[EXCERPTED RECORDS — start]

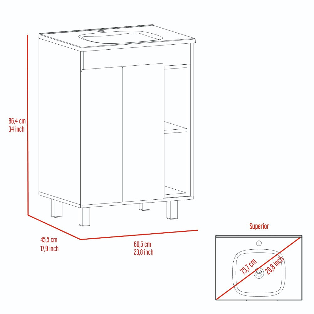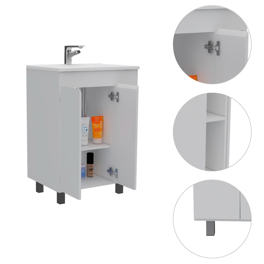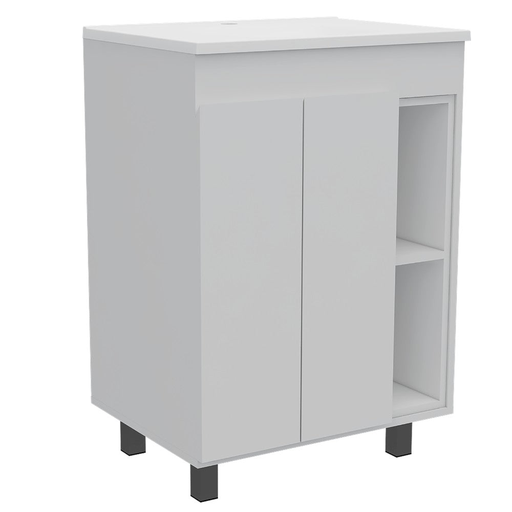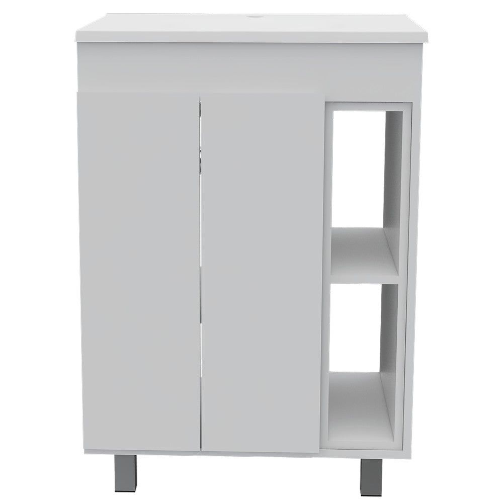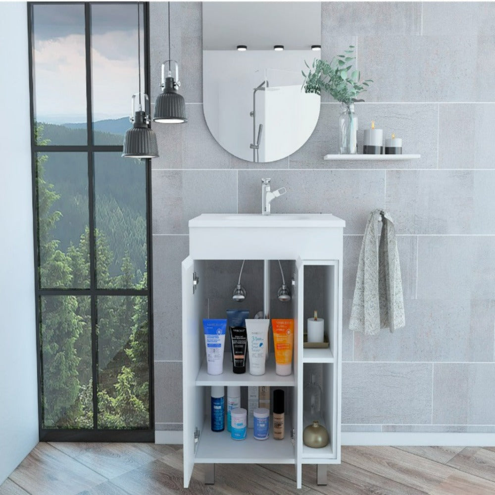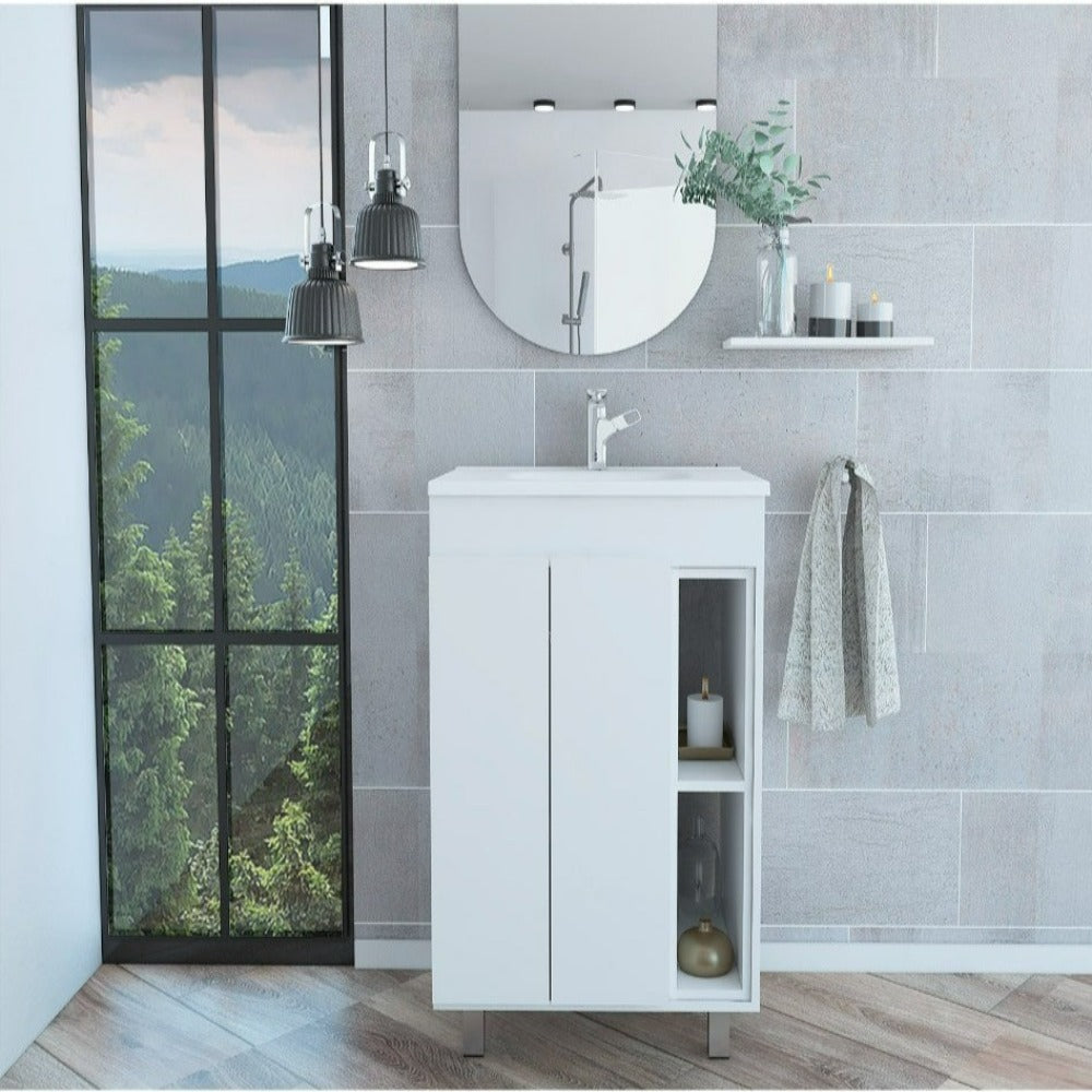 The Akron Vanity is an elegant piece that combines with its modern styling to renovate your bathroom and catch the attention of your guests. two external shelves, double door cabinet, free Standing, open cubby display space for décor and storage. Designed with elegant white manufactured wood.
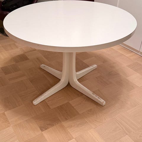 Myydään muuton vuoksi Ikean pyöreä pöytä sekä 3 kpl muistaakseni Sotkasta ostettuja tuoleja. Käytöstä jo jonkin verran jälkiä on.
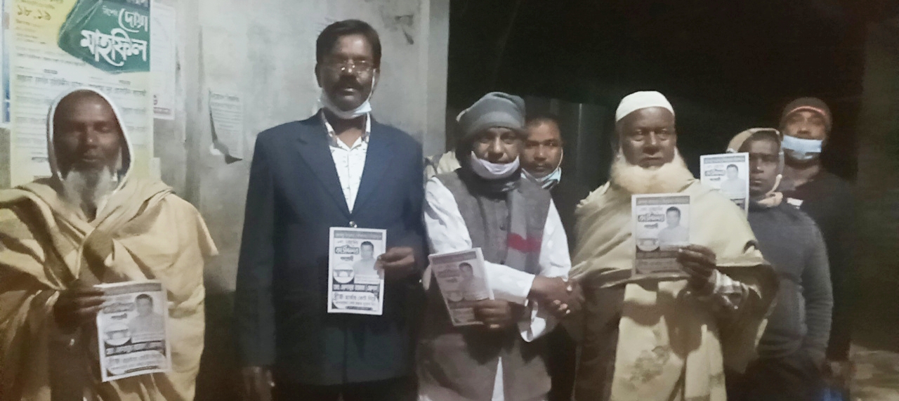 প্রচন্ড শীতকে উপেক্ষা করে ১ নং ওয়ার্ডের কাউন্সিলর প্রার্থী ব্রীজ প্রতিকে ভোটারদের নিকট ভোট প্রার্থনা এরশাদের
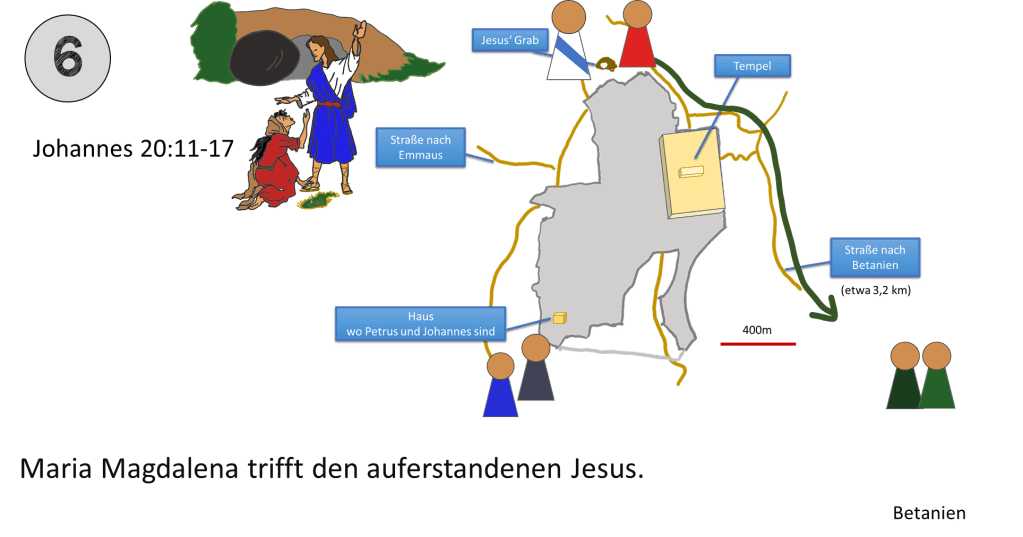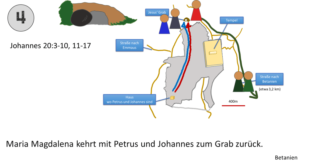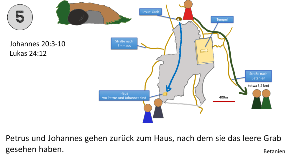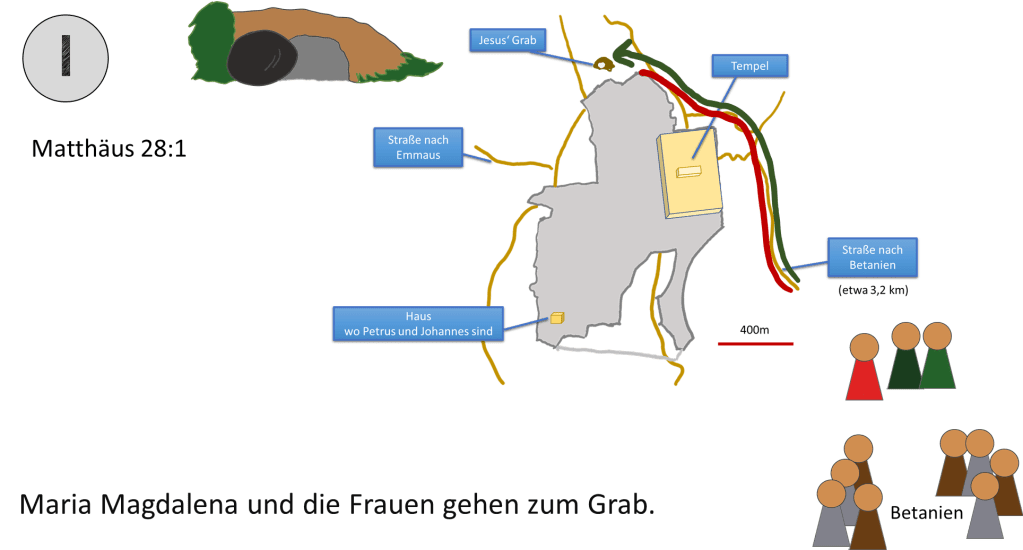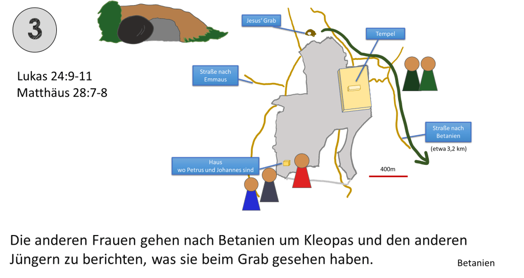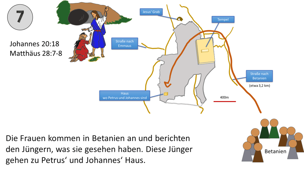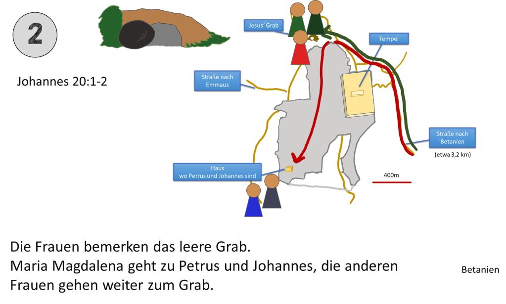 Die Frauen und Jünger hätten auch im Süden von Jerusalem die Stadt betreten können. Der Weg nach Norden macht dann Sinn, wenn General Gordons Verortung richtig ist. Aus diesem Grund wurde für diese Karte dieser Verlauf gewählt.
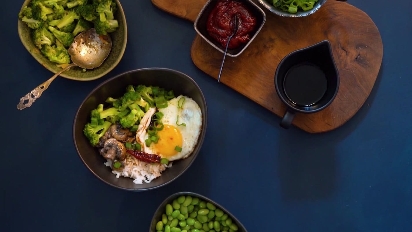 6. Aseta kulhojen pohjalle kypsennettyä riisiä ja sen päälle paistetut sienet, broccolinit ja kananmunat, soijapavut, pilkottu kevätsipuli ja chilitahna. Mausta bowl halutessasi soijakastikkeella.
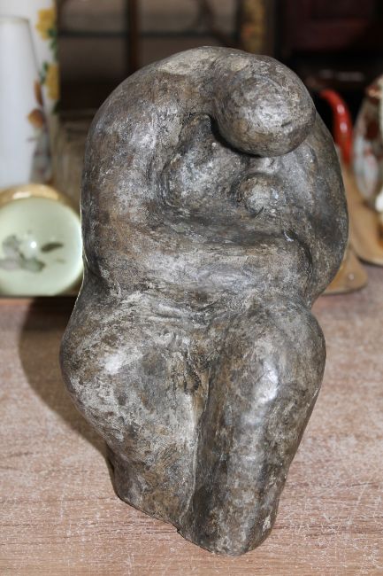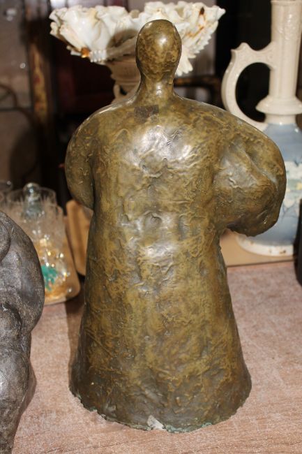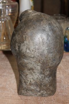 37cm high and 23cm high respectively. The smaller one appears to be carved and polished stone. The larger is a hollow cast of fibrous clay, with a metal covering (copper or bronze?).
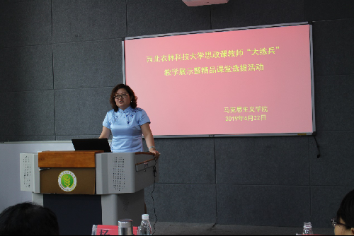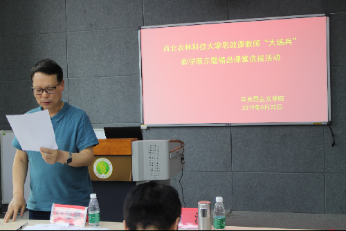 按照陕西省教工委《关于进一步推进陕西高校“四好”思政课创优行动的通知》和西北农林科技大学《 关于开展2019年“思政课教师大练兵与课程思政建设”主题活动的通知》的安排,2019年6月22日上午,西北农林科技大学思政课教师“大练兵”教学展示暨精品课堂选拔活动在南校区数字化楼123A智慧教室举行。
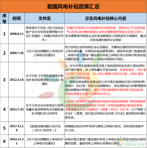 國家政策對風(fēng)電的支持是促進風(fēng)電取得如今成就的重要條件。風(fēng)哥梳理了近年來關(guān)于風(fēng)電補貼的一些政策,如下表所示:
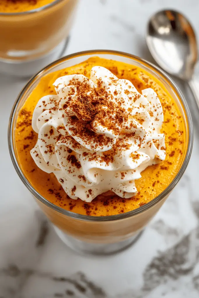 Just before serving, top each mousse with a swirl of whipped cream and a sprinkle of cinnamon. It adds a little visual flair and enhances the cozy, spiced aroma of the mousse. You can also garnish with crushed pecans or graham cracker crumbs for extra texture if you like.
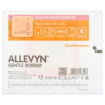 The ALLEVYN Gentle Border 10cm x 10cm is an advanced wound care solution designed to support the natural healing process. This self-adhesive foam dressing combines a highly absorbent hydrocellular foam core with a gentle silicone gel adhesive, ensuring minimal pain and trauma during dressing changes. The breathable, showerproof top film provides a bacterial barrier while maintaining a moist wound environment. The dressing is suitable for a variety of wound types, including pressure ulcers, leg ulcers, and surgical wounds. It can be cut to size without compromising its integrity, making it ideal for difficult-to-dress areas like elbows and knees. Clinical studies have shown significant reductions in wound area and depth, as well as exudate levels, when using ALLEVYN Gentle Border dressings.
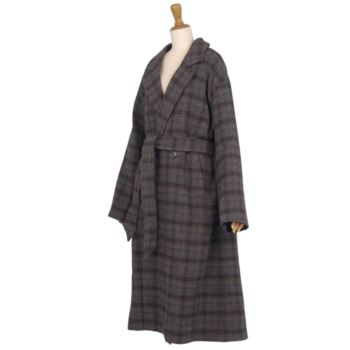 セリーヌ CELINE コート ロングコート オーバーサイズ ダブルブレスト チェック ウール ツイード アウター レディース イタリア製 グレー サイズ34(S相当)
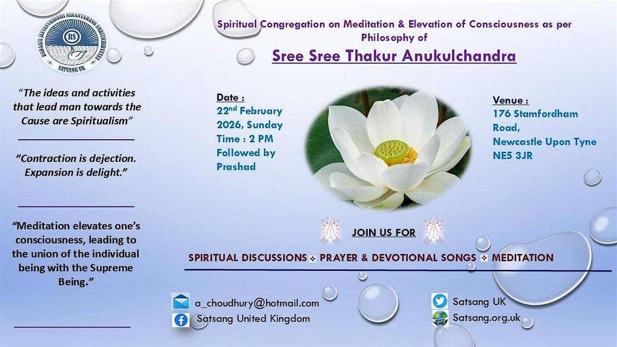 Join Our Spiritual Congregation on Meditation and Elevation of Human Consciousness based on the philosophy of Sree Sree Thakur Anukulchandra.

[EXCERPTED RECORDS — finish]

▶ [WORK INSTRUCTION]: Retype the records verbatim, excluding each image they hold.

▶ [SOLUTION TO THE PROBLEM]:
 The Akron Vanity is an elegant piece that combines with its modern styling to renovate your bathroom and catch the attention of your guests. two external shelves, double door cabinet, free Standing, open cubby display space for décor and storage. Designed with elegant white manufactured wood.
 Myydään muuton vuoksi Ikean pyöreä pöytä sekä 3 kpl muistaakseni Sotkasta ostettuja tuoleja. Käytöstä jo jonkin verran jälkiä on.
 প্রচন্ড শীতকে উপেক্ষা করে ১ নং ওয়ার্ডের কাউন্সিলর প্রার্থী ব্রীজ প্রতিকে ভোটারদের নিকট ভোট প্রার্থনা এরশাদের
 Die Frauen und Jünger hätten auch im Süden von Jerusalem die Stadt betreten können. Der Weg nach Norden macht dann Sinn, wenn General Gordons Verortung richtig ist. Aus diesem Grund wurde für diese Karte dieser Verlauf gewählt.
 6. Aseta kulhojen pohjalle kypsennettyä riisiä ja sen päälle paistetut sienet, broccolinit ja kananmunat, soijapavut, pilkottu kevätsipuli ja chilitahna. Mausta bowl halutessasi soijakastikkeella.
 37cm high and 23cm high respectively. The smaller one appears to be carved and polished stone. The larger is a hollow cast of fibrous clay, with a metal covering (copper or bronze?).
 按照陕西省教工委《关于进一步推进陕西高校“四好”思政课创优行动的通知》和西北农林科技大学《 关于开展2019年“思政课教师大练兵与课程思政建设”主题活动的通知》的安排,2019年6月22日上午,西北农林科技大学思政课教师“大练兵”教学展示暨精品课堂选拔活动在南校区数字化楼123A智慧教室举行。
 國家政策對風(fēng)電的支持是促進風(fēng)電取得如今成就的重要條件。風(fēng)哥梳理了近年來關(guān)于風(fēng)電補貼的一些政策,如下表所示:
 Just before serving, top each mousse with a swirl of whipped cream and a sprinkle of cinnamon. It adds a little visual flair and enhances the cozy, spiced aroma of the mousse. You can also garnish with crushed pecans or graham cracker crumbs for extra texture if you like.
 The ALLEVYN Gentle Border 10cm x 10cm is an advanced wound care solution designed to support the natural healing process. This self-adhesive foam dressing combines a highly absorbent hydrocellular foam core with a gentle silicone gel adhesive, ensuring minimal pain and trauma during dressing changes. The breathable, showerproof top film provides a bacterial barrier while maintaining a moist wound environment. The dressing is suitable for a variety of wound types, including pressure ulcers, leg ulcers, and surgical wounds. It can be cut to size without compromising its integrity, making it ideal for difficult-to-dress areas like elbows and knees. Clinical studies have shown significant reductions in wound area and depth, as well as exudate levels, when using ALLEVYN Gentle Border dressings.
 セリーヌ CELINE コート ロングコート オーバーサイズ ダブルブレスト チェック ウール ツイード アウター レディース イタリア製 グレー サイズ34(S相当)
 Join Our Spiritual Congregation on Meditation and Elevation of Human Consciousness based on the philosophy of Sree Sree Thakur Anukulchandra.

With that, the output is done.